Sian Heder's debut feature — the writer-director who would go on to win an Oscar for CODA — about a homeless drifter (Ellen Page, now Elliot Page) who effectively kidnaps a baby from a neglectful Manhattan mother and brings the child to the apartment of the woman she believes is the baby's grandmother (Allison Janney).

It is a quieter, more morally complicated film than the premise suggests. Page and Janney are both at the top of their game. Heder's writing has the same sharp ear for working-class specificity that made CODA land.

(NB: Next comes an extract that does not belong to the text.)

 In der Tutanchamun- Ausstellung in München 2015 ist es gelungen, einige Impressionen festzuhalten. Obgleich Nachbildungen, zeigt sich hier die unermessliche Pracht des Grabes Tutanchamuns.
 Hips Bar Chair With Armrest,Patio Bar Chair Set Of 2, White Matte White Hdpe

Netflix has had this film since release and almost never surfaces it. Watch it before CODA and you can see Heder's whole filmography starting to emerge.

09

Ma Rainey's Black Bottom (2020)

George C. Wolfe's adaptation of August Wilson's play, set during a single recording session in 1927 Chicago. Viola Davis stars as Ma Rainey, the Mother of the Blues. Chadwick Boseman plays Levee, her ambitious young trumpet player. The film was Boseman's final performance before his death. It is among the great final performances any actor has given.

The film itself is structurally a stage play, which is a real choice. Most of the runtime is conversation in the recording studio's basement. Davis is volcanic. Boseman is doing the work of a man who knows he's running out of time.

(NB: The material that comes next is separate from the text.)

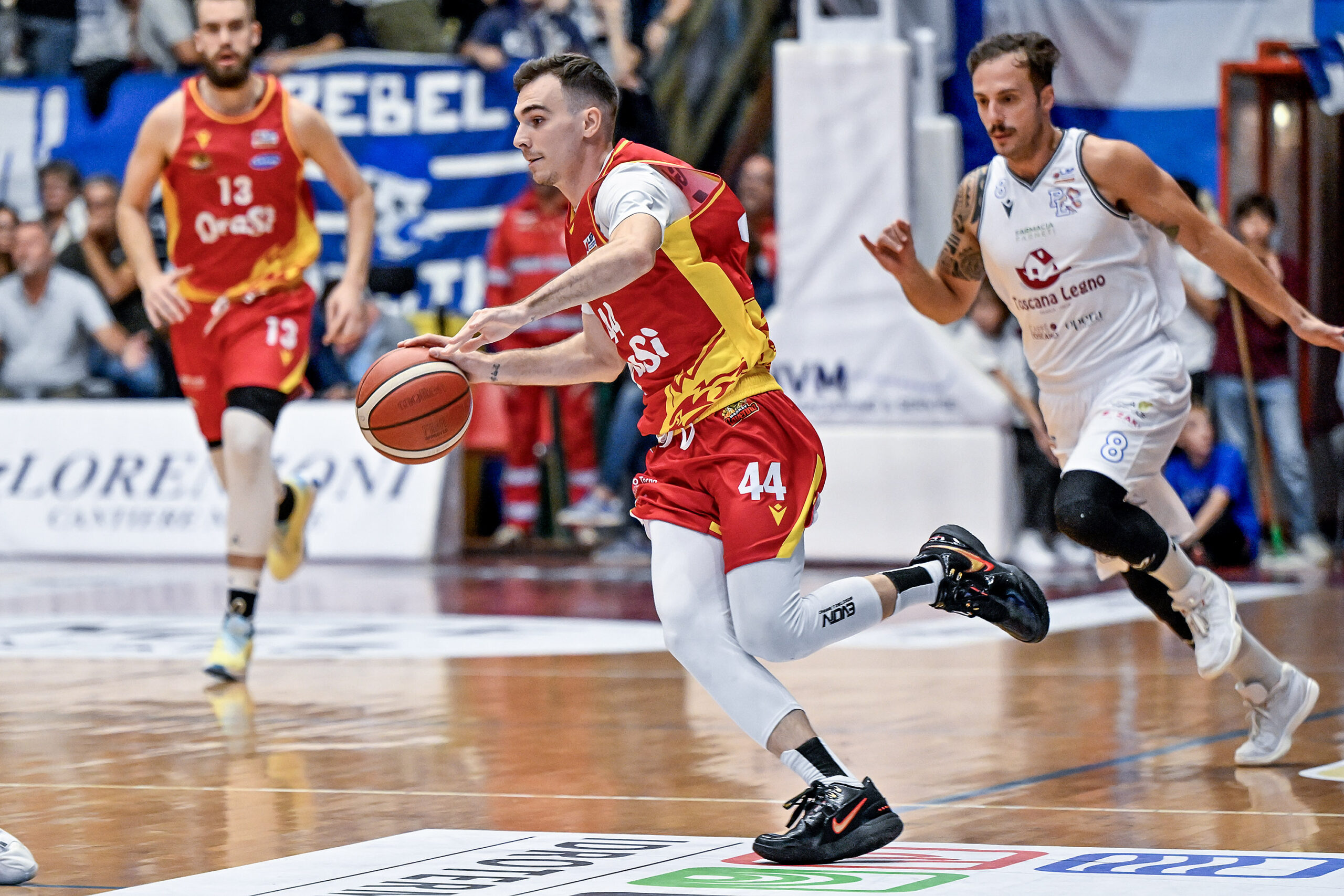 Il secondo periodo si apre con una sfida tra le due squadre da dietro l’arco, con le triple di Casoni e Gay a rispondere a quelle dei biancoblu. A 3 minuti dall’intervallo, le due squadre pagano la grande intensità raggiungendo entrambe il bonus, anche grazie alle incursioni di Gay da una parte, e di Leonzio dall’altra. I giallorossi non smettono di attaccare il canestro e, grazie anche all’ottima difesa di squadra, riescono a finire il primo tempo in vantaggio, sul punteggio di 30-31.

Boseman should have won the Oscar for this. He didn't. The film won other Oscars, picked up acclaim, and then quietly receded. Anyone who only knows Boseman from Black Panther needs to see what he could do with a stage actor's role.

10

Under the Skin (2013)

Jonathan Glazer's slow, alien art-horror film, in which Scarlett Johansson plays a creature in a human suit driving around Glasgow, picking up men, and dispatching them in a series of unforgettably strange visual sequences. Most of the men were non-actors filmed without their knowledge using hidden cameras.

It is one of the strangest, most committed pieces of filmmaking of the last 15 years. Mica Levi's score is genuinely unsettling. The opening 10 minutes — the film's birth-of-the-creature sequence — are the kind of cinema-as-pure-image experience nothing else has matched. The ending, which we won't describe, is unforgettable.

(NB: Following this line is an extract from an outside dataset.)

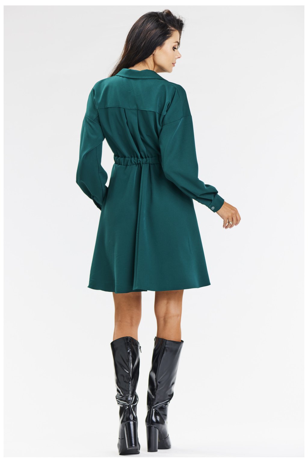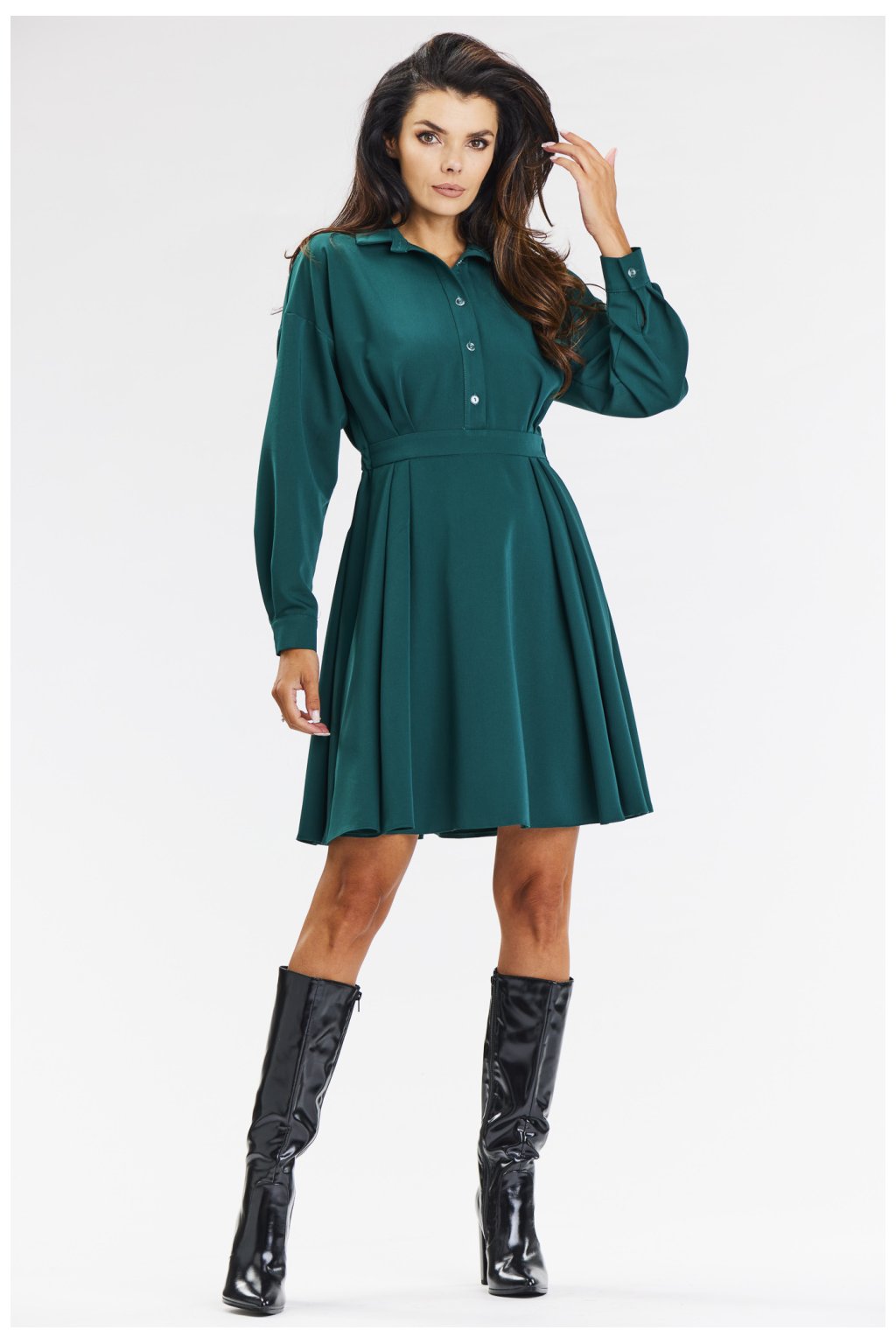 Elegantní košilové šaty v zelené barvě. Dodejte svému šatníku eleganci s našimi zelenými košilovými šaty, které se skvěle hodí pro formální a pracovní příležitosti. Rozhalený lem, délka ke kolenům a dlouhé rukávy zakončené manžetami podtrhují ženskost a styl. Stojatý límec a zapínání na knoflíky vpředu dodávají šatům moderní vzhled. Šaty se zapínají na knoflíky pro pohodlné nošení a eleganci. Díky zelené barvě jsou univerzální a snadno se kombinují s lodičkami na podpatku nebo kozačkami. Pečlivě ušité z vysoce kvalitních materiálů. Ideální na obchodní schůzky, elegantní oslavy a formální vycházky.Polyester 60 %

If The Zone of Interest was your introduction to Glazer, Under the Skin is the prequel he made before Hollywood took him seriously. Johansson has never been better.

Why Aren't These on Netflix's Homepage?

The homepage is run by an algorithm that surfaces titles likely to keep the most viewers watching the longest. That logic favors familiar IP, brand-name actors, and films with broad appeal. The films above are all too specific, too auteur-driven, or too quietly released to win that bet.

The good news: they're all there if you search the title directly. Search any of the ten above tonight and you'll find one of the most rewarding viewing experiences Netflix is currently sitting on.

What's the Most Underrated Movie on Netflix Right Now?

For our money, The Iron Claw. It's a recent, accessible film with major actors, real critical acclaim, and the kind of emotional weight that makes a lasting impression. Most viewers have never heard of it because A24's marketing budget couldn't compete with the streamer noise around it. It's the easiest pick on this list to recommend to a friend who'll thank you later.

Streaming availability changes monthly. We refresh this list quarterly. If you're reading this more than three months after publication, expect at least one or two of the picks above to have rotated off Netflix and onto another platform. The ones still streaming on Netflix are usually worth opening tonight.